A number of states have seen their pandemic-era eviction moratoriums morph from an emergency stopgap measure into institutionalized limits on evictions. Not Missouri.
The Show-Me State was one of just eight that did not adopt any eviction moratorium during COVID-19. Several state lawmakers are proposing to go further with a series of bills that would strip local governments and courts of their power to impose their own eviction bans.
"The bottom line is [eviction moratoriums] put landlords in an unfair situation. We talk a lot about government or bureaucratic agencies picking winners and losers. And I certainly felt like that that was done unlawfully," said Rep. Chris Brown (R–Kansas City) according to the St. Louis Post-Dispatch, which first reported on the bills Friday.
The county circuit courts that cover Kansas City and St. Louis, Missouri's two largest cities, both adopted their own local eviction moratoriums during the early months of the pandemic. Those were soon replaced by the federal eviction moratorium issued by the Centers for Disease Control and Prevention (CDC) in September 2020.
When the U.S. Supreme Court struck down the CDC eviction order in August, the St. Louis County Council responded by passing its own weekslong eviction moratorium. It re-upped this eviction ban for a few weeks in December in response to a rise in cases caused by the omicron variant.
Brown's legislation, House Bill 1682, would specifically ban courts from suspending eviction proceedings of their own initiative without authorization from a state law. Another house bill sponsored by Rep. Jim Murphy (R–St. Louis County) would likewise forbid localities from banning evictions without the state Legislature's approval.
These bills have received a negative reaction from some Democratic legislators and progressive activists.
In written testimony on Brown's bill, Sarah Owsley, policy and advocacy director for Empower Missouri, credited eviction moratoriums with saving lives during the pandemic and preventing large numbers of out-of-work renters from losing their homes.
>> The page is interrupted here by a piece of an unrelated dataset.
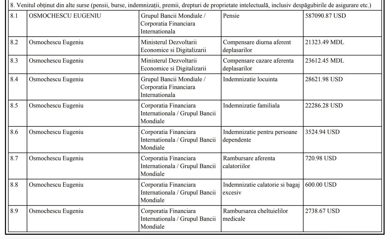 Pe lângă această sumă, Eugeniu Osmochescu a mai beneficiat și de alte indemnizații aferente activității sale în cadrul Grupului Băncii Mondiale.

Like most pandemic mitigation measures, it's not clear how effective eviction moratoriums were at preventing COVID-19 cases and deaths. Widely circulated studies showing a massive lifesaving effect of eviction bans have been roundly criticized as flawed and sloppy.
Oft-repeated predictions that the country would see an unprecedented "eviction tsunami" in the absence of moratoriums have also not played out. Evictions ticked upward after the CDC's eviction order was struck down. But they remain below pre-pandemic averages almost everywhere in the U.S., including Missouri.
Even places that were desperately slow at distributing federally funded rental assistance did not experience an eviction spike.
Owsley argues in her written testimony that eviction moratoriums are rare policies that can be necessary for "weather and health emergencies."
Prior to COVID-19, that is how eviction moratoriums operated. Their history during the pandemic suggests that eviction bans can also be incredibly sticky policies that, once imposed, are hard to back away from. The federal eviction moratorium was extended five times before it was finally struck down by the Supreme Court.
Missouri's eviction legislation is part of a trend. As Reason's Eric Boehm has reported, lawmakers across the country are proposing and passing legislation that limits the emergency powers of governors and public health officials. Too often during the pandemic, these legislators argue, executives used those emergency powers to place extreme and persistent limits on business owners' property rights.
That includes landlords, who were often forced by eviction moratoriums to provide effectively free housing to unscrupulous or even abusive tenants long after the immediate emergency of COVID-19 had faded.
By requiring the state Legislature to sign off on any moratorium, Missouri's proposed ban on eviction bans will make that a little harder to get away with come the next emergency.